As we start to pull the Albert Design Studio business back together I wonder how much I should be involved in meeting new customers. Can they tell? Maybe I should just be a hidden secret weapon and let Barb handle all of the customer interaction. I mean I have lost over 40-pounds, have multi-colored chemo hair, and I'm sitting here typing with six different needle marks down my arms. Can they tell?

I don't know.

Would people make decisions on a potential business vendor because of their appearance?
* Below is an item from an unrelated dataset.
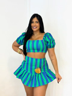 Conjunto Cropped Shortsaia Azul Cami, confeccionado no algodão. O cropped, com seu design ajustado e listras elegantes, destaca a silhueta e traz um ar de frescor e estilo ao look. A peça é complementada pelo shorts saia listrado, que oferece a praticidade e conforto de um shorts com a feminilidade e charme de uma saia.
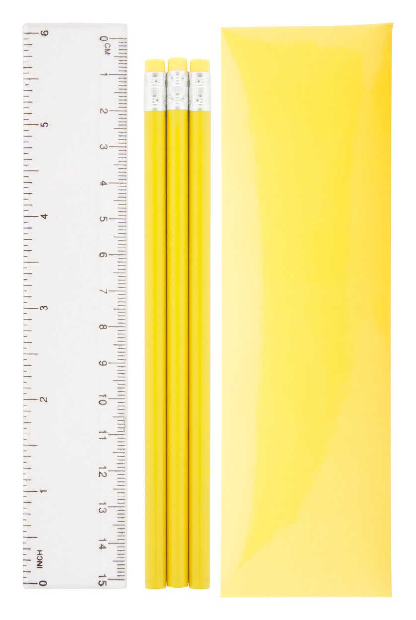 Set cu 3 creioane din lemn și o riglă din plastic, în cutie de carton.

Well they do on the golf course. They did on the basketball court.

3 comments:

Anonymous said...

I don't think anyone would look at those things. In all honesty people just want to get the job done. I don't think any of it will have to do with the way you look. There are plenty of business owners still in the public, hundreds of people see them every day, and they are sick too. But I do agree for those that know you we can tell, otherwise I don't think that's the first thing that will come to someone elses mind. You have talent, weather it's golf or basketball or web design and that's all people want to see. Well, have a good day and I'll talk to you later.

Love,
Alyssa

Anonymous said...

Alyssa sure has a lot of nice, inspirational things to say to you so lean on those things and not on what people think about the way you look. I have to deal with patients every day who have all kinds of looks because they are ill but I would never let it cloud my judgment about their capabilities in life. So if you find a client judging you by your "chemo" appearance then you really didn't need that client anyway -- they might just be more interested in the designers who wear the Armante suits. I thought that you looked 100% better once you were off the Nexavar and by the next time I see you, I would expect that appearance to be even better. Just so nobody thinks you have the needle tracts down your arms from drug abuse -- maybe it would be a very good idea to explain to them in a light hearted fashion what you are going through. Talk to you soon. Love Ya MOM

Jim Albert said...

Thanks guys. It's an interesting subject that I continue to debate daily. I do appreciate all of the warm, kind support.